▸ **Information provided**
◇ ◇ ◇ ◇ ◇ ◇ ◇

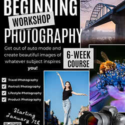 Are you interested in photography but are struggling to use your camera as well as you would like? Are you tired of spending hours on YouTube looking for answers to questions? Just love taking beautiful images and want to do more with your camera? This 6-week 6-class, in-person photography workshop will get you out of auto mode and create beautiful images of whatever subject inspires you! This course is for anyone wanting to know more about photography and understand how their camera works. We will cover the exposure triangle, composition, editing, equipment choices, and more. Each class will focus on specific aspects of photography and using your equipment to create amazing images. After covering the new information, we will have the opportunity to try out our new skills with hands-on activities to provide a chance to get feedback and questions answered right away. Then each week we will have homework to continue working on our new skills, and a private online group to post images and ask questions of the instructor and peers throughout the week. Session 1: Getting Started in Manual Mode Session 2: Understanding Aperture and Depth of Field Session 3: The How and Why of Shutter Speed Session 4: Composing better images and telling a story Session 5: Exploring Photography Styles Session 6: Post-Processing and Editing Starting: January 7th (No Class Feb. 4th) Equipment needed for this workshop: Any DSLR or Mirrorless camera with a Manual Mode option(if you are unsure, please email contact@firstcitycreatives.com with questions) Optional equipment: Additional lenses, tripod, computer for editing, editing software(These items are not required for the workshop, but are nice to have)
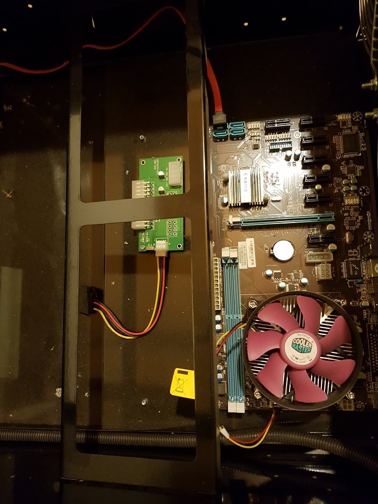 ololo Posted 31 Oct 2018, 10:44 Posted 31 Oct 2018, 10:44 @transtor1970 А есть где-то нормальные фото и/или скриншоты 3d модели корпуса на 8 карт? Со всеми размерами и т.п.? Не первый раз заглядываю в эту ветку, пытаясь сообразить как это всё выглядит, смотрю первый пост, вижу там одну-две мелкие картинки по которым ничего толком не понятно - и ухожу ни с чем. ? Сайт у вас может есть, где всё это выложено в нормальном качестве? По картинкам в первом сообщении не ясно какие зазоры между картами будут, как там райзеры укладывать, какие бп и куда влезут и т.д. - единственное фото с подключенными картами находится слева от текста "под 8 в/карт", но установлено там 6 и картинка аж в четверть мегапикселя..
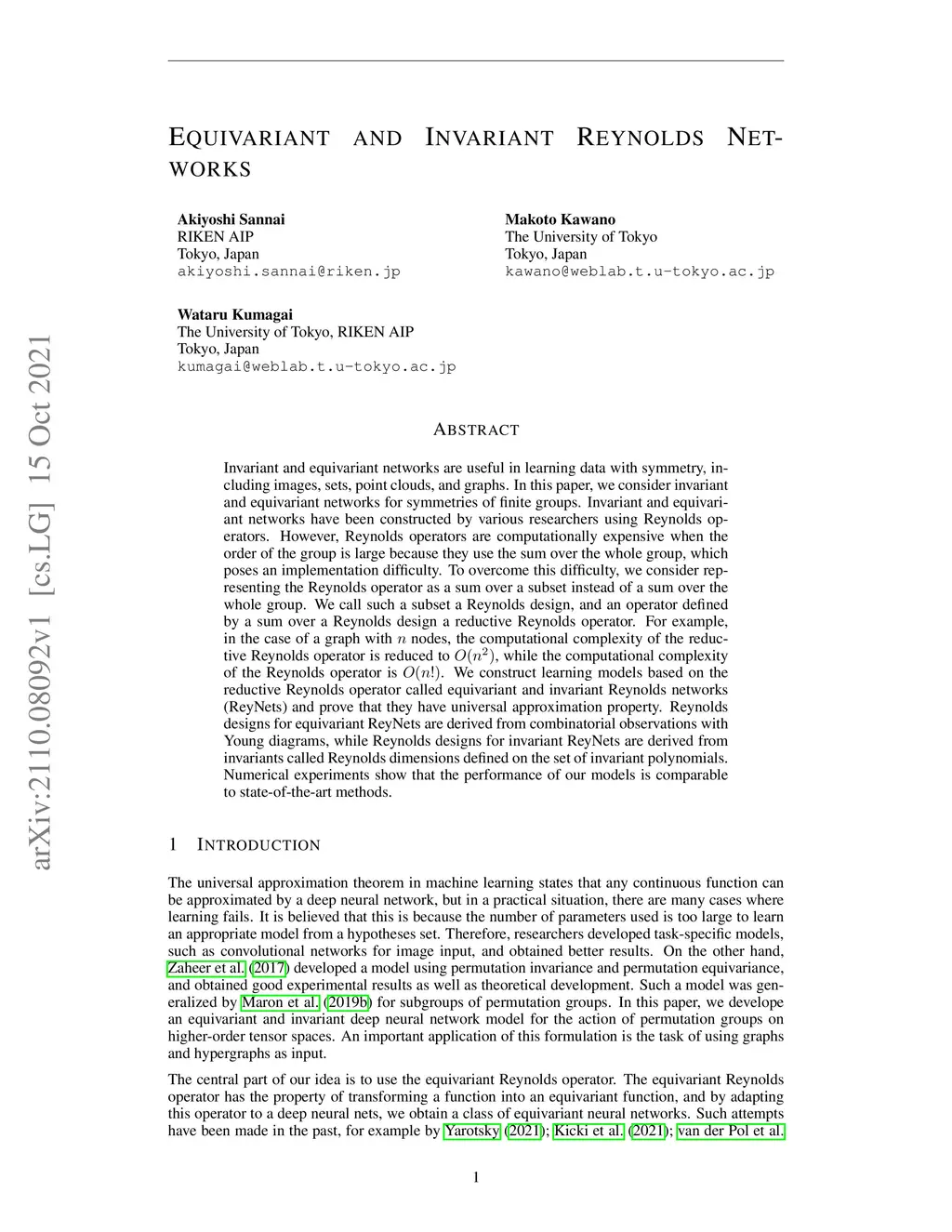 Invariant and equivariant networks are useful in learning data with symmetry, including images, sets, point clouds, and graphs. In this paper, we consider invariant and equivariant networks for symmetries of finite groups. Invariant and equivariant networks have been constructed by various researchers using Reynolds operators. However, Reynolds operators are computationally expensive when the order of the group is large because they use the sum over the whole group, which poses an implementation difficulty. To overcome this difficulty, we consider representing the Reynolds operator as a sum over a subset instead of a sum over the whole group. We call such a subset a Reynolds design, and an operator defined by a sum over a Reynolds design a reductive Reynolds operator. For example, in the case of a graph with nodes, the computational complexity of the reductive Reynolds operator is reduced to , while the computational complexity of the Reynolds operator is . We construct learning models based on the reductive Reynolds operator called equivariant and invariant Reynolds networks (ReyNets) and prove that they have universal approximation property. Reynolds designs for equivariant ReyNets are derived from combinatorial observations with Young diagrams, while Reynolds designs for invariant ReyNets are derived from invariants called Reynolds dimensions defined on the set of invariant polynomials. Numerical experiments show that the performance of our models is comparable to state-of-the-art methods.

◇ ◇ ◇ ◇ ◇ ◇ ◇

▸ **Exercise directions**
With the pictures left out, transcribe the material exactly.

▸ **Response to this exercise**
 Are you interested in photography but are struggling to use your camera as well as you would like? Are you tired of spending hours on YouTube looking for answers to questions? Just love taking beautiful images and want to do more with your camera? This 6-week 6-class, in-person photography workshop will get you out of auto mode and create beautiful images of whatever subject inspires you! This course is for anyone wanting to know more about photography and understand how their camera works. We will cover the exposure triangle, composition, editing, equipment choices, and more. Each class will focus on specific aspects of photography and using your equipment to create amazing images. After covering the new information, we will have the opportunity to try out our new skills with hands-on activities to provide a chance to get feedback and questions answered right away. Then each week we will have homework to continue working on our new skills, and a private online group to post images and ask questions of the instructor and peers throughout the week. Session 1: Getting Started in Manual Mode Session 2: Understanding Aperture and Depth of Field Session 3: The How and Why of Shutter Speed Session 4: Composing better images and telling a story Session 5: Exploring Photography Styles Session 6: Post-Processing and Editing Starting: January 7th (No Class Feb. 4th) Equipment needed for this workshop: Any DSLR or Mirrorless camera with a Manual Mode option(if you are unsure, please email contact@firstcitycreatives.com with questions) Optional equipment: Additional lenses, tripod, computer for editing, editing software(These items are not required for the workshop, but are nice to have)
 ololo Posted 31 Oct 2018, 10:44 Posted 31 Oct 2018, 10:44 @transtor1970 А есть где-то нормальные фото и/или скриншоты 3d модели корпуса на 8 карт? Со всеми размерами и т.п.? Не первый раз заглядываю в эту ветку, пытаясь сообразить как это всё выглядит, смотрю первый пост, вижу там одну-две мелкие картинки по которым ничего толком не понятно - и ухожу ни с чем. ? Сайт у вас может есть, где всё это выложено в нормальном качестве? По картинкам в первом сообщении не ясно какие зазоры между картами будут, как там райзеры укладывать, какие бп и куда влезут и т.д. - единственное фото с подключенными картами находится слева от текста "под 8 в/карт", но установлено там 6 и картинка аж в четверть мегапикселя..
 Invariant and equivariant networks are useful in learning data with symmetry, including images, sets, point clouds, and graphs. In this paper, we consider invariant and equivariant networks for symmetries of finite groups. Invariant and equivariant networks have been constructed by various researchers using Reynolds operators. However, Reynolds operators are computationally expensive when the order of the group is large because they use the sum over the whole group, which poses an implementation difficulty. To overcome this difficulty, we consider representing the Reynolds operator as a sum over a subset instead of a sum over the whole group. We call such a subset a Reynolds design, and an operator defined by a sum over a Reynolds design a reductive Reynolds operator. For example, in the case of a graph with nodes, the computational complexity of the reductive Reynolds operator is reduced to , while the computational complexity of the Reynolds operator is . We construct learning models based on the reductive Reynolds operator called equivariant and invariant Reynolds networks (ReyNets) and prove that they have universal approximation property. Reynolds designs for equivariant ReyNets are derived from combinatorial observations with Young diagrams, while Reynolds designs for invariant ReyNets are derived from invariants called Reynolds dimensions defined on the set of invariant polynomials. Numerical experiments show that the performance of our models is comparable to state-of-the-art methods.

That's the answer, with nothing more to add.